Grand Valley Power has joined with GRID Alternatives on the unique project. The project is scheduled for completion during what’s billed as a community solarthon event May 30. The 25-killowatt array will provide electricity to six to 10 families in the Grand Junction area, offsetting up to 90 percent of their electrical needs.
“This is a model that makes sense. We can make clean energy available to folks who have never had access to it. Everybody benefits. By leveraging GRID Alternatives’ expertise in solar development and working with lower income families, we can successfully serve some of our most vulnerable members,” said Tom Walch, general manager of Grand Valley Power.
The project is the first step in a three-year plan by GRID Alternatives to develop at least 1 megawatts of solar electricity capacity for low-income customers in partnership with Colorado utilities.
“We have seen a tremendous groundswell of hardworking families wanting solar and the benefits it brings,” said Chuck Watkins, executive director of GRID Alternatives Colorado. “Community solar can provide solar to all Coloradans regardless if they’re renters, homeowners or people just struggling financially.”
The Grand Valley project is the first of its kind to be developed by a nonprofit group in partnership with a utility. Grand Valley Power has provided land, connections and administrative and financial support. GRID Alternatives will design and build the array. Grand Valley Power will own the array and provide retail bill credits for participating low-income households.
In addition to Grand Valley Power, GRID Alternatives has been working with Housing Resources of Western Colorado, Atlasta Solar and Alpine Bank on the community solar garden. National partners SunEdison, Enphase Energy and Ironridge have donated equipment for the project.
Housing Resources of Western Colorado will help identify and qualify families that want to participate in the program.
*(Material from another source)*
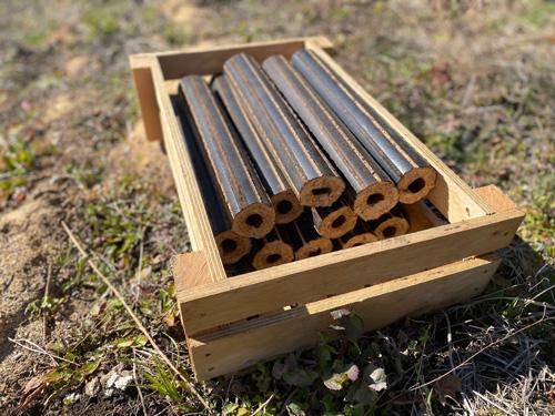 1本の重量は700~800グラムで、燃焼時間は1時間程度ある。炭などと違い手に汚れが付きにくく、持ち運びしやすい点も特徴だ。
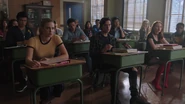 It was their junior year. Back then, before marrying Hal, she was Alice Smith. A teenage bad girl from the wrong side of the tracks with enviable hair, no friends and one huge problem, that she was pregnant. A discovery made while in the ladies restroom at school. Alice bangs on the restroom door in frustration. Hermione Lodge overhears her frustration and opens the stall door to check on Alice, however, she is in no need of assistance, telling Hermione to mind her business. Alice hopes the pregnancy test is merely a false positive but as Sierra explains, false positives only happen approximately 3% of the time. Alice is panicking. She tried to talk to FP, the child’s father, but he blew her off for a River Vixens that he’s hooking up with. Hall monitor Penelope Blossom enters the restroom to ask for their hall passes, but only Hermione has hers. When Penelope looks to Alice for her pass, Alice replies that it’s "up her ass". Penelope retorts by asking if Alice was born with that mouth or if it’s something that southside mothers taught their bastard babies. This leads to a brawl between Alice and Penelope.

“Working with GRID and Grand Valley Power means the families we serve get lower electricity bills, more resources to pay for other basic needs and the opportunity to receive valuable job training,” said Eldon Krugman, executive director of Housing Resources of Western Colorado. “This partnership also meets the tenants of our mission to provide affordable housing and promote the wise and sustainable use of resources.”